Publisher’s Notebook

• Ghost Nets: Ignominious Whale Tales •

BY ANNE SOBLE

In the debate over the establishment of marine protected areas off the California coast, private and commercial fishers maintained that they are caretakers of the ocean because it is in their self-interest. If they do not act as stewards of the ocean, fishers say they endanger their livelihood. However, derelict fishers have a lethal effect on fish, birds and marine mammals because of the gill and trammel nets they accidentally or purposely leave behind in the ocean.

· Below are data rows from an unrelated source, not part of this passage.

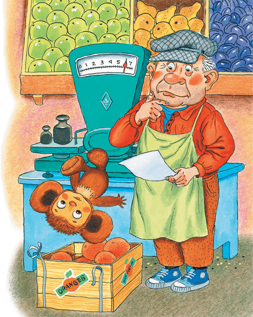 Ящики долго плавали по морям и океанам и в конце концов оказались во фруктовом магазине очень большого города. Когда их открыли, в одном апельсинов почти не было, а был только толстый-претолстый Чебурашка.
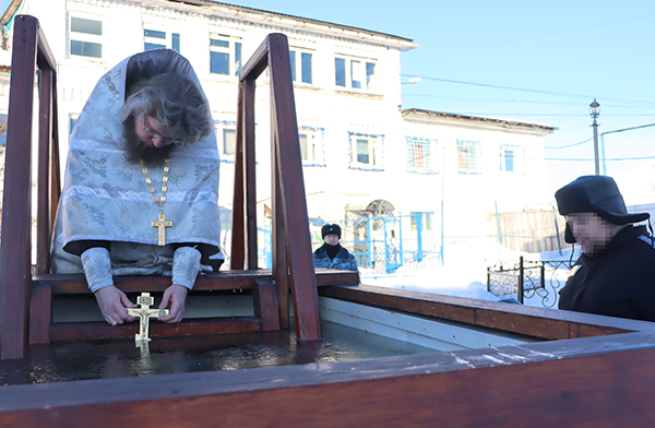 По традиции, всем желающим осужденным была роздана освященная крещенская вода. Кроме того, для верующих была организована купель, которую также освятили для символического омовения.
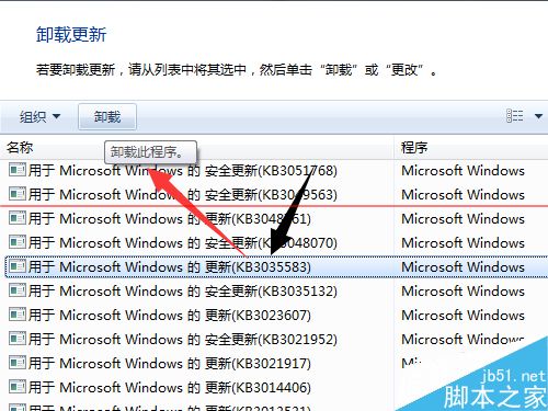 3、上面的关闭的方法重启后又会出现,怎么来个彻底一点的解决方法呢?因为获取Windows10升级图标是从系统更新出来的,因此也可以从系统更新把TA请走。在我的电脑点击【卸载程序】-【查看所有更新】,找到KB3035583卸载就解决了问题。
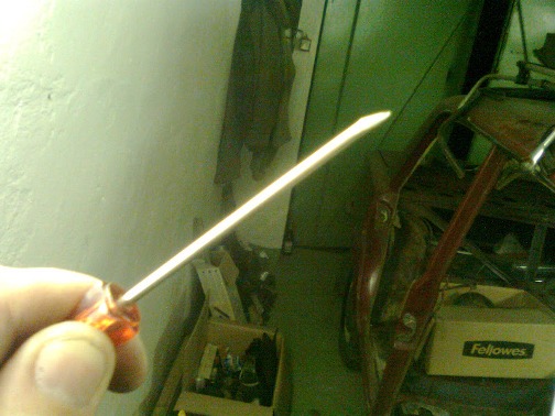 Potom to slo ako po masle, vcielka sa da vypacit, pricom sa zabruseny srubovak opiera o zarez svorky a nie o tapec, takze sa mi podarilo neprerazit ho o hranu karoserie.
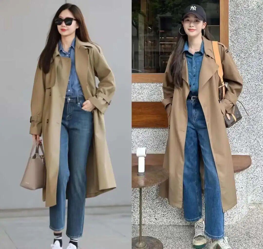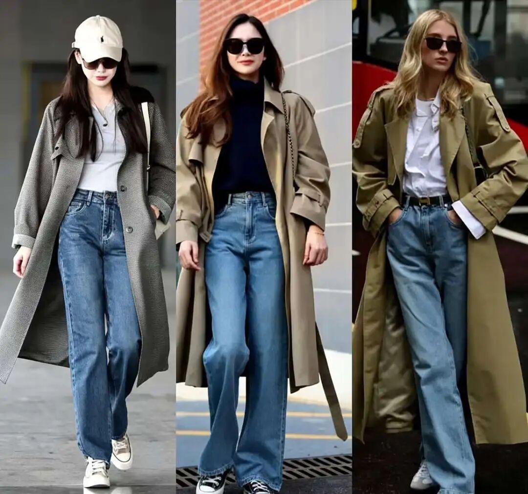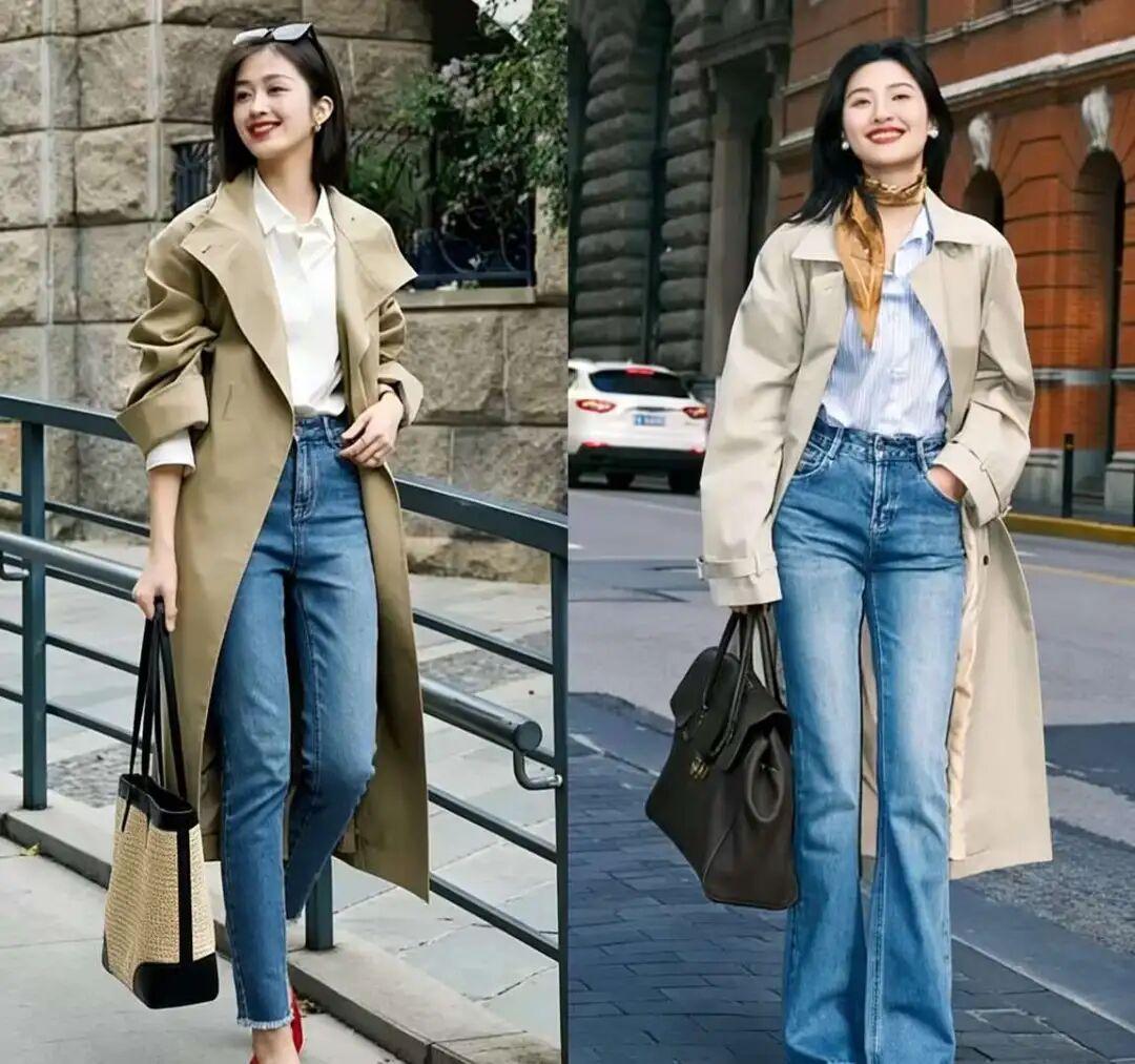 对于追求质感与气质的中年女性来说,这种不上不下的搭配,很难穿出高级感。久而久之,就算风衣本身质感不错,也会被牛仔裤拉低档次,显得随意、敷衍,甚至有点邋遢。
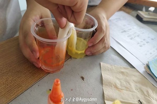 课程开始,雷静怡老师以悬念式问题引发同学关注:“大家知道怎么不用画笔将颜色传递到纸张上?”同学们都摇摇头。开始实验时,雷老师取出实验材料——透明杯子、清水、色素与纸巾,向杯中注入清水后,谨慎滴入数滴色素,清水即刻变为彩色溶液;接着将纸巾一端浸入水中,片刻后色素沿纸巾逐渐扩散,在纸上形成痕迹。在雷老师的引导下,孩子们依次动手操作,调配色素并放置纸巾,观察颜色蔓延的实验过程。

Responsible fishers know these nets are not to be discarded, but if the quantity of “ghost” waste beneath the water’s surface is any indication, there are too many fishers who use the ocean as a garbage dump. There are now tons of damaged nets, broken traps and anything else fishers don’t want to bring back to shore and dispose of properly.

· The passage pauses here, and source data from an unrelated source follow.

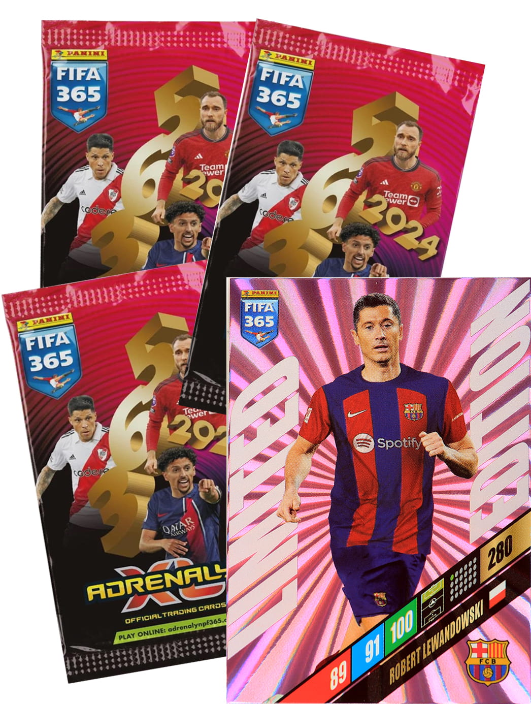 3 x booster pack + 1 Limited Lewandowski Barcelona 2024 FIFA 365
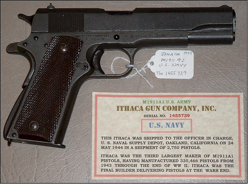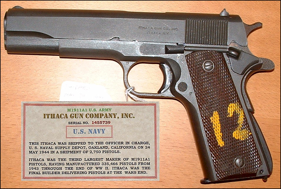 在二战期间,伊萨卡公司为美国陆军生产了370,000把M1911A1手枪,不过早在1919年时,伊萨卡也曾为英国军队生产过M1911手枪。
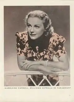 مادلين كارول (بالإنجليزية: Madeleine Carroll) هي ممثلة أمريكية وبريطانية، ولدت في 26 فبراير 1906 بويست بروميتش في المملكة المتحدة، وتوفيت في 2 أكتوبر 1987 بمربلة في إسبانيا بسبب سرطان البنكرياس.[9][9][10] من الجوائز التي نالتها وسام جوقة الشرف.
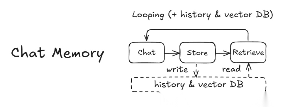 有了RAG,再结合流与循环就能组合成**「AI聊天应用中的聊天消息记忆模块」**:
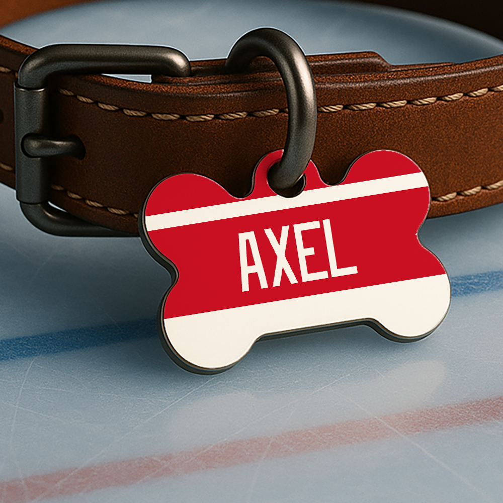 For pups who hustle like it’s the third period, this custom-designed, double-sided ID tag brings big energy without breaking any rules — inspired by classic hockey style and bold team color combos (no logos, just love for the game).
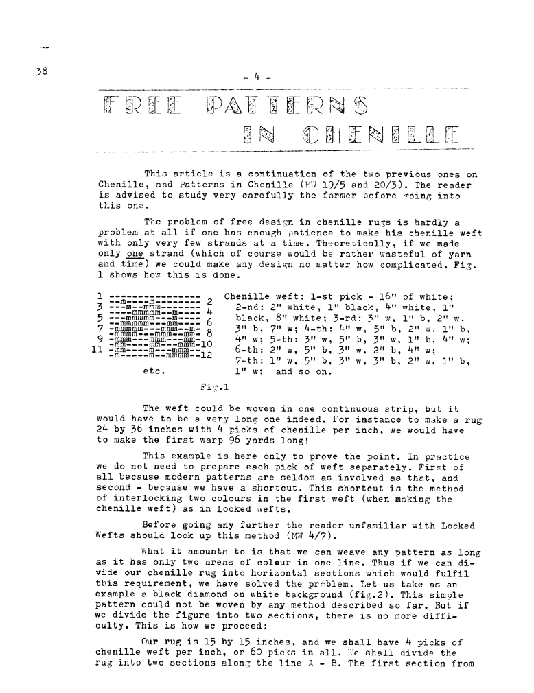 Free Patterns in Chenille, ---. Master Weaver, No. 38 March 1958, 4 pages. Note: PDF provided by Judith Combs. By permission. Posted July 15, 2006. SAMPLE PAGE. File size 778 KB PDF
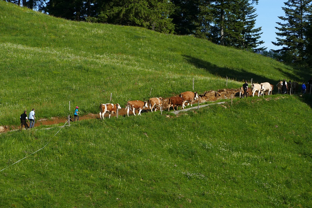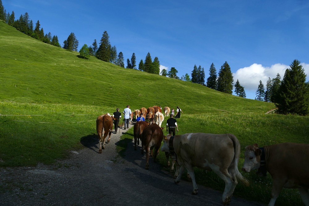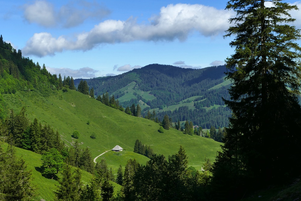Den Wald habe ich hinter mir gelassen und strebe nun über Truschhübel der Unterkunft zu.
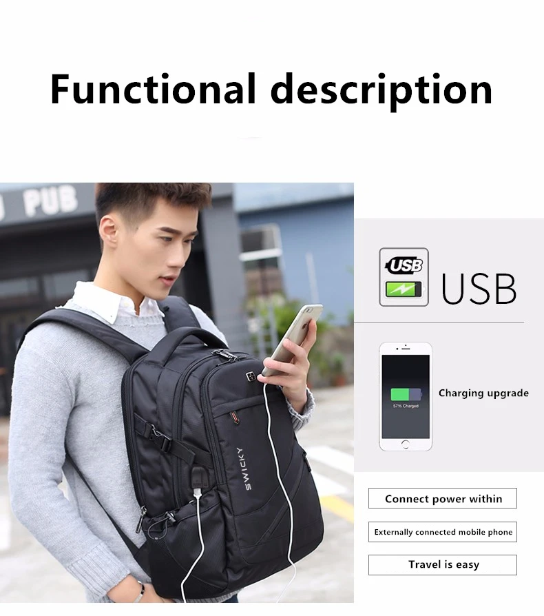 Рюкзак SWICKY для ноутбука 15,6 '', водонепроницаемый, с USB-зарядкой, MP3, для мужчин и женщин

In less than a week, two young gray whales migrating north became entangled in the ghost waste in SoCal waters. Although volunteer disentanglers were able to remove the mass of netting that had cut deeply into areas near the whales’ tails, one young adult was so debilitated by the experience that it succumbed to its injuries.
The drift netting that entangled the grays regularly ensnares all kinds of marine life, including endangered shark species. Two years ago, a ship documented the capture and death of two sperm whales ensnared by a huge jumble of net and other detritus, while untold numbers of animals presumably met the same fate.
Federal fishery managers are now planning to expand gill net operations 75 miles off the California coast, despite the state’s public opposition to the use of gill nets, as evident with the passage of Prop 132 in 1990. But state law does not affect the expansion of the drift gillnet fishery for swordfish and shark. It is appalling to consider the number of whales, sea lions, dolphins and other species that fall victim to the death traps, but because most of them sink to the ocean floor, an accurate count is impossible. The U.S. National Oceanic and Atmospheric Administration has verified that abandoned nets cover huge stretches of the ocean.
Some commercial operations—legal and illegal—use driftnets that are many miles in length for high-volume fishing. When they are left behind, divers are the only means to remove them. New communication devices can aid in locating and assessing the extent of a specific debris mass. The U.S. Coast Guard assists in removal to a depth of 50 feet to protect boats, but sea life is largely on its own.
Any rescue of entangled marine life is left to groups such as Ocean Defenders Alliance and other volunteer efforts that mostly survive on private donations, but a way should be found to require commercial fishers to contribute funding to rescue efforts. This is dangerous work, especially when whales are involved, because of the danger to the disentanglers.
Commercial fishers should be required by law to remove derelict gear from the ocean. Wherever possible, equipment should be biodegradable. Government should provide financial incentives that promote these activities.
Calls for all nets to be tagged with an identifying marker would result in fishers being less prone to cut loose snagged nets or dump worn netting over the side. Because nets would be trackable, fishers would have to report the location of accidental net loss or damage to facilitate an effort to retrieve it before there is untold collateral damage. That would be responsible fisher ocean stewardship in action.